Однако у Сергиенко и в мыслях не было посмеиваться над Кушниром. Иван Васильевич, проехав селом, повернул на колхозную пасеку.
В тенистых лесах просеивался солнечный дождь; по его трепетным, золотистым струйкам тихо опускались на землю крохотные лодочки листьев. С дубов и кустарников свисали гроздья дикого хмеля, нежный аромат наполнял весь воздух.
Марка Григорьевича в хате не было. Над окнами смеялись связки зубатой кукурузы, у завалинки грелись на солнце мешки с черным мелким семенем синяка [100] . Иван Васильевич догадался, что старый пасечник обсевает «ленивую осину» — песчаный участок подлеска, где ничего, кроме убогих кустов осины, не росло. Садом идет к опушке. Скоро в птичье щебетание начал вплетаться просачивающийся отголосок разговора. Из-за деревьев замелькали человеческие фигуры, кони, сеялка.
100
Синяк — двухлетний медонос с синими цветками.
— Марк Григорьевич, ты снова о пасеке думаешь? — раскатывается густой смех. Возле пасечника стоит коренастый Александр Петрович Пидипригора.
— А чего же? О пасеке.
— И не надоедает об одном и том же думать? — Я каждый раз про новое думаю.
— Это дельно сказано, — одобрительно промолвил Пидипригора. — Так нас Иван Васильевич учит: каждый раз про новое думать, что-то новое искать и находить.
— Конечно. Сам посуди: раньше весь воск церкви потребляли, воздух отравляли его чадом. А теперь наша продукция по сорока течениям растекается в сорок видов народного хозяйства. Интересно? Значит, не огородилась пасекой и лесами моя жизнь, не чадит плаксивой свечечкой. Да вот еще лучше: взглянешь в небо — летят самолеты, а у тебя сердце поет, так как твой воск и авиации служит… Иван Васильевич как-то говорил: у нас в Советском Союзе пчел больше, чем в Соединенных Штатах Америки, Японии и Германии, вместе взятых. Радостно?

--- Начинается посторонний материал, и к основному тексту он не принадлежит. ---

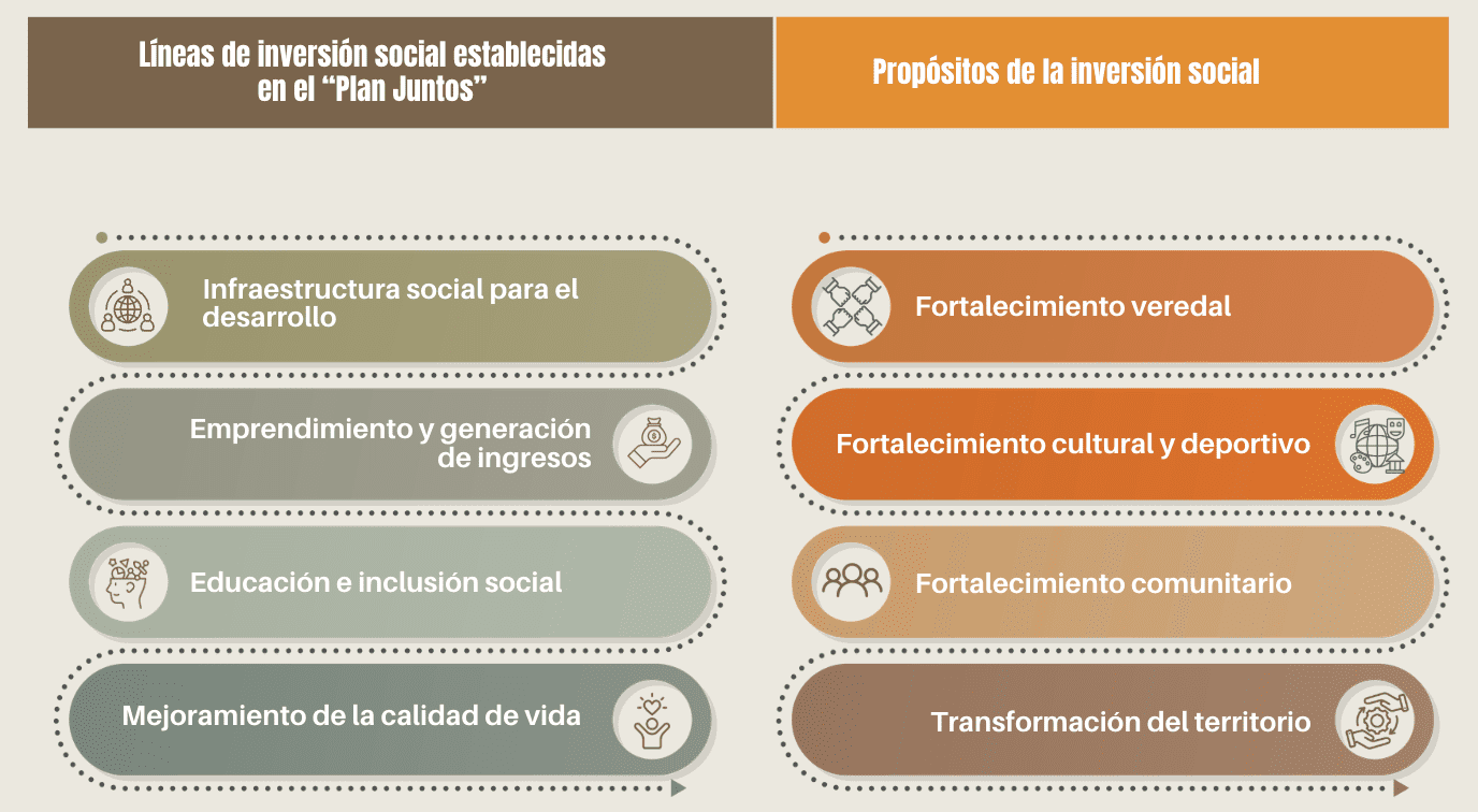 Los criterios para definir todos los proyectos de “Juntos” se caracterizan por ser incluyentes, respetando la organización, autonomía y procesos de cada Junta de Acción comunal. Además fortalece el relacionamiento y los lazos entre los diferentes actores de la región: comunidad, Juntas de Acción Comunal, autoridades y SierraCol Energy.

— Радостно, — соглашается Пидипригора.
— А простой себе дед Синица хочет, чтобы у нас было пчел больше, чем во всем мире… Эта сказка, которая о медовых реках говорит, вплотную подошла к колхозной пасеке. Отсюда она настоящими реками потечет. И здесь есть над чем подумать.
— Марк Григорьевич, поэтому и синяк сеете?
— Поэтому и сею. Он на этом песчанике десять лет мне будет расти, фацелию же каждый год надо сеять. Вырубки же мы липой засадим. Гектар липы шестнадцать центнеров меда дает.
— Сто пудов? — удивленно воскликнул Александр Петрович.
— Сто пудов! Вот тебе и новая медовая речка. А ты говоришь, что я об одном и том же думаю. Если у человека мысли на одном месте крутятся — это уже не человек, а карусель.
Смех покатился опушкой. Забряцала штельвага [101] , и сеялка ровно пошла над лесом.
Марк Григорьевич первый увидел Ивана Васильевича. Обрадовался, засуетился и сразу же повел секретаря райпарткома к питомнику. Молодые грецкие орехи ровными зелеными рядами отбегали от пожелтевшего сада. Осень не коснулась ни одного листика молодых побегов. Густой ореховый настой поднимался над теплой землей и соединялся с волнами увядающих лесных соков.
101
Штельвага (стельвага) — поперечный брус, соединяющий сельскохозяйственное орудие с упряжкой.